> _TASK TO COMPLETE_:
When the word "them" shows up in a line of the records below, copy that line.

####################

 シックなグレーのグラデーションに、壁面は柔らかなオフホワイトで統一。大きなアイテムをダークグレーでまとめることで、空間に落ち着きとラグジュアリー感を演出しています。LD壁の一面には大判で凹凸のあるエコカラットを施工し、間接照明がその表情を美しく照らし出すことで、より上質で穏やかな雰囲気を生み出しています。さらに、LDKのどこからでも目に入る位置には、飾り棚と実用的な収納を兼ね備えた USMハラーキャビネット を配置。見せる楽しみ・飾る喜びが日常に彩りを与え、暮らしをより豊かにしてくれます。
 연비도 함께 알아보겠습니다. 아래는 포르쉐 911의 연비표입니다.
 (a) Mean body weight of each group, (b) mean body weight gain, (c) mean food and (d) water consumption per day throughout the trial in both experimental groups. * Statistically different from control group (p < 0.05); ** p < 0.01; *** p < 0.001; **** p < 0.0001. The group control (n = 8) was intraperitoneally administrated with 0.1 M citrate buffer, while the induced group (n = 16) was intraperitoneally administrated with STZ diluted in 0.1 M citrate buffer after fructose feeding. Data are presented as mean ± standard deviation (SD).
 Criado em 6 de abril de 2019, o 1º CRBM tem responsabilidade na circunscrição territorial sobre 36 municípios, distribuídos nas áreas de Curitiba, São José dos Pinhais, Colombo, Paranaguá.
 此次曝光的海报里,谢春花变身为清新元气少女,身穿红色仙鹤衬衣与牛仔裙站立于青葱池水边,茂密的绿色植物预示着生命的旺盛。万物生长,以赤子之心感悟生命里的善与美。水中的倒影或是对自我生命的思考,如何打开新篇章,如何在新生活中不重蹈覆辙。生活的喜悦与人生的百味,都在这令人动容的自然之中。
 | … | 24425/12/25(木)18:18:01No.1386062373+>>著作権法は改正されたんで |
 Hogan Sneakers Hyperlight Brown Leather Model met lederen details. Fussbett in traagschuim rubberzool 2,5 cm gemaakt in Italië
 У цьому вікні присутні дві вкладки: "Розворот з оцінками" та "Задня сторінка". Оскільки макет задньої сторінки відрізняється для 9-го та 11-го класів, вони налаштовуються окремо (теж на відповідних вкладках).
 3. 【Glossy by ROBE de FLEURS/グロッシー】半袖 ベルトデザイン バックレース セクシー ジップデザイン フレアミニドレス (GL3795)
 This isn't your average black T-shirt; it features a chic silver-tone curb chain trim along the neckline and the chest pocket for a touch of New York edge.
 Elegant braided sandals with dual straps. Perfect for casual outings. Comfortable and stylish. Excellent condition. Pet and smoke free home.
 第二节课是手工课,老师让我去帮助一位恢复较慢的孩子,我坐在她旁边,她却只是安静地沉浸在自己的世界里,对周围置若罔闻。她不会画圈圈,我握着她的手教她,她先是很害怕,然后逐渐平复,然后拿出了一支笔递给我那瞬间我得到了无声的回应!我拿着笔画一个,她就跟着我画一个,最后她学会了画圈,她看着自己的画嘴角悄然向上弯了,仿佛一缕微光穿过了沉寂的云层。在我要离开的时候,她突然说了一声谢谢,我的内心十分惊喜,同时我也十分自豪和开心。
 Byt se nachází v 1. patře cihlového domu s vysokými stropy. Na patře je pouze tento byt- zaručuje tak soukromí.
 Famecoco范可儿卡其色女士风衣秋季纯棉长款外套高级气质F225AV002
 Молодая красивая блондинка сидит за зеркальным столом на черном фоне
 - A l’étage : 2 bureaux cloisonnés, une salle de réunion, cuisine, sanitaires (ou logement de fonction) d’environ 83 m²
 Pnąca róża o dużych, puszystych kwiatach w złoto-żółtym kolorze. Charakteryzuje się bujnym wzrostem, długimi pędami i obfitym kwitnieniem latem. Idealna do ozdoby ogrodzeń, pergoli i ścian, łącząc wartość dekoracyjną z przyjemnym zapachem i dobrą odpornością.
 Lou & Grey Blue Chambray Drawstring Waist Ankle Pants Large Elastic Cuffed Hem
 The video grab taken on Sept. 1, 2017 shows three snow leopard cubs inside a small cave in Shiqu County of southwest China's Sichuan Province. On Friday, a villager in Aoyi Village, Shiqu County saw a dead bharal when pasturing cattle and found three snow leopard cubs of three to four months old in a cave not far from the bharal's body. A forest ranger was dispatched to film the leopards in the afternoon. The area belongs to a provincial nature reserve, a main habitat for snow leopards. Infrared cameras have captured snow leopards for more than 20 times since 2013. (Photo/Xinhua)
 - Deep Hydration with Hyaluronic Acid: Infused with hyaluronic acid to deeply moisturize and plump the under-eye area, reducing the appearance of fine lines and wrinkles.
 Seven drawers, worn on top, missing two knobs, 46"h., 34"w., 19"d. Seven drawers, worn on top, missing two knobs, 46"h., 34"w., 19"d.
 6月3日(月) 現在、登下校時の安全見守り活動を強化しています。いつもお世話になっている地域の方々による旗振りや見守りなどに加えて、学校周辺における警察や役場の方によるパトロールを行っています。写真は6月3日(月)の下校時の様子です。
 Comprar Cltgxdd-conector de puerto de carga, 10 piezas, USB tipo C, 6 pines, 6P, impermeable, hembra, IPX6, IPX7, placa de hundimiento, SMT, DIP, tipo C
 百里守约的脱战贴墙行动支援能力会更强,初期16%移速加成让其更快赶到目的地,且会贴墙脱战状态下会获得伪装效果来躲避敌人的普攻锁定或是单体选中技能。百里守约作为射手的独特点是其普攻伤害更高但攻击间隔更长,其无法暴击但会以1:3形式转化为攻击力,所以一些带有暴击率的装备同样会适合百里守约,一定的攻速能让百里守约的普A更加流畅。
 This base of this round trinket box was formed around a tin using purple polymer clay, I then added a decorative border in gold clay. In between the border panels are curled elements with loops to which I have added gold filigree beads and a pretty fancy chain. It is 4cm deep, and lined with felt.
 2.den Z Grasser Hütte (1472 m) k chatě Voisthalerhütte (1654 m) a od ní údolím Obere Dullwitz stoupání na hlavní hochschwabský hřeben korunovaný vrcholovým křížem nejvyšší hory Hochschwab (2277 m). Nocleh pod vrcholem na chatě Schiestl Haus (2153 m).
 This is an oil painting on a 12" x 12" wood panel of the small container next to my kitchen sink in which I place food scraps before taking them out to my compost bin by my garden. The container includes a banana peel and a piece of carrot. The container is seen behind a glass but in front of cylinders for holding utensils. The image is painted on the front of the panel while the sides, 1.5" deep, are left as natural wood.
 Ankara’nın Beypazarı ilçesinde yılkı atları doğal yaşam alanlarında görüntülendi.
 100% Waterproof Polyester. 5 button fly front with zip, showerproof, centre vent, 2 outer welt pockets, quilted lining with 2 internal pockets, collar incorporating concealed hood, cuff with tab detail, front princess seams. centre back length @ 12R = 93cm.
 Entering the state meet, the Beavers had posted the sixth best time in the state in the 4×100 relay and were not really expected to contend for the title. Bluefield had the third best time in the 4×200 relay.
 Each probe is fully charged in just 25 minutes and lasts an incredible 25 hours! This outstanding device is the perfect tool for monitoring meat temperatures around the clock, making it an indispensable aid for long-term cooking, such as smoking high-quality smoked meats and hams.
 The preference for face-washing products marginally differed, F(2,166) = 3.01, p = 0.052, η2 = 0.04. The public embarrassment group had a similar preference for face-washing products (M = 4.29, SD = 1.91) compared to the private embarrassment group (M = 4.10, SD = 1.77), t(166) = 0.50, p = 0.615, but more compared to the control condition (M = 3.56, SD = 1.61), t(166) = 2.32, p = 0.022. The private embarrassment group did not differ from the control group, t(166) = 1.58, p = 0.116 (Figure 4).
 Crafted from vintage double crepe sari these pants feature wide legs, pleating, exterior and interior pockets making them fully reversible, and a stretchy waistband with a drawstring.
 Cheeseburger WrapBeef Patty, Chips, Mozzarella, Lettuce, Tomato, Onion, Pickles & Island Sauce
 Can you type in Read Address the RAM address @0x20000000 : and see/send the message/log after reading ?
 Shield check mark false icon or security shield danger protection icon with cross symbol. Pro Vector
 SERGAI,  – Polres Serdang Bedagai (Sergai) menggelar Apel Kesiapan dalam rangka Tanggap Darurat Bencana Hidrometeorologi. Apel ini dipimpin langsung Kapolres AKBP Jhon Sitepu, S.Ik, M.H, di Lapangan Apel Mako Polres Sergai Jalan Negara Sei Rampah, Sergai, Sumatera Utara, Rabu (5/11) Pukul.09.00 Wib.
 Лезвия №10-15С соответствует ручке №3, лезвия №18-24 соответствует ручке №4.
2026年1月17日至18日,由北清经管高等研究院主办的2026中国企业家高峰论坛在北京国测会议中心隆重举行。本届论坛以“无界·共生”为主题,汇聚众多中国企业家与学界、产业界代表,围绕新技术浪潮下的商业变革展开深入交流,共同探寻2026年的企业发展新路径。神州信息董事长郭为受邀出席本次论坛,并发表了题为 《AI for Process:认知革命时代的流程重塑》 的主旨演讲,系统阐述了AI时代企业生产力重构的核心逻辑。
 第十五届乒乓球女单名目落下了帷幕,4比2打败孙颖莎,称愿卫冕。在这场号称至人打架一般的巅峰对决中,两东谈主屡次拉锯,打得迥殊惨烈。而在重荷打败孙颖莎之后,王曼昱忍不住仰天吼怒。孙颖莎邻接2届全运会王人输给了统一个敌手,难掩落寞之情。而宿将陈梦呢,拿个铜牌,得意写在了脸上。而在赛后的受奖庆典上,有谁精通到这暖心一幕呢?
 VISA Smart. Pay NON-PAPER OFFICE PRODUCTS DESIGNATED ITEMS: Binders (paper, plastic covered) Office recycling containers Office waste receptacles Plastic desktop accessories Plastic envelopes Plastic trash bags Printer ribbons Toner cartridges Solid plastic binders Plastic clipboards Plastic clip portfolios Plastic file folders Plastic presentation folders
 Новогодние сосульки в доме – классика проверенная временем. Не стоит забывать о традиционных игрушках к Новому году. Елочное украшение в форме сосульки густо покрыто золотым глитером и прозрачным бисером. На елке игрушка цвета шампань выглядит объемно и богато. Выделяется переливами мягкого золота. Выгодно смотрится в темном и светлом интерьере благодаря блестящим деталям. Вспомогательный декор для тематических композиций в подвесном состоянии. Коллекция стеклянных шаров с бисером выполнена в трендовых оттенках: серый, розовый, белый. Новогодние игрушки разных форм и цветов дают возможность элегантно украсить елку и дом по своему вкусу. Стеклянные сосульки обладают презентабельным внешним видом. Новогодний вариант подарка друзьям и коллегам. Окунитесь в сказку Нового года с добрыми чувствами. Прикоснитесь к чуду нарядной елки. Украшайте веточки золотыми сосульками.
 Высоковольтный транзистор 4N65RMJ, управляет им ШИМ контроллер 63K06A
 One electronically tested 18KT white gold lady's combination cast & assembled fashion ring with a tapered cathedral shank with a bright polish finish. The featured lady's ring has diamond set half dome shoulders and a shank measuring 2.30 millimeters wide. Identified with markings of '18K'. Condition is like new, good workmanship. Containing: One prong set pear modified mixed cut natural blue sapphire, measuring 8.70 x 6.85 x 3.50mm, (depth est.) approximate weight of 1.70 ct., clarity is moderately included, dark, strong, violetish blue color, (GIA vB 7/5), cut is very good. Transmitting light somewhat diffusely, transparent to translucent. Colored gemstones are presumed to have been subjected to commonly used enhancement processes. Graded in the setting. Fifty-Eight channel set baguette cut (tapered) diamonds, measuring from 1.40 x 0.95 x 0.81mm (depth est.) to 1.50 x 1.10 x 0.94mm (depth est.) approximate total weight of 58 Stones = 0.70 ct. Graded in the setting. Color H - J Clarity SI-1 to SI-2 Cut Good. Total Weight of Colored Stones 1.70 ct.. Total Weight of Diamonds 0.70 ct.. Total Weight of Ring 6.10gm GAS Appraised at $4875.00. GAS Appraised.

####################

> _RESPONSE AREA_:
 This is an oil painting on a 12" x 12" wood panel of the small container next to my kitchen sink in which I place food scraps before taking them out to my compost bin by my garden. The container includes a banana peel and a piece of carrot. The container is seen behind a glass but in front of cylinders for holding utensils. The image is painted on the front of the panel while the sides, 1.5" deep, are left as natural wood.
 Crafted from vintage double crepe sari these pants feature wide legs, pleating, exterior and interior pockets making them fully reversible, and a stretchy waistband with a drawstring.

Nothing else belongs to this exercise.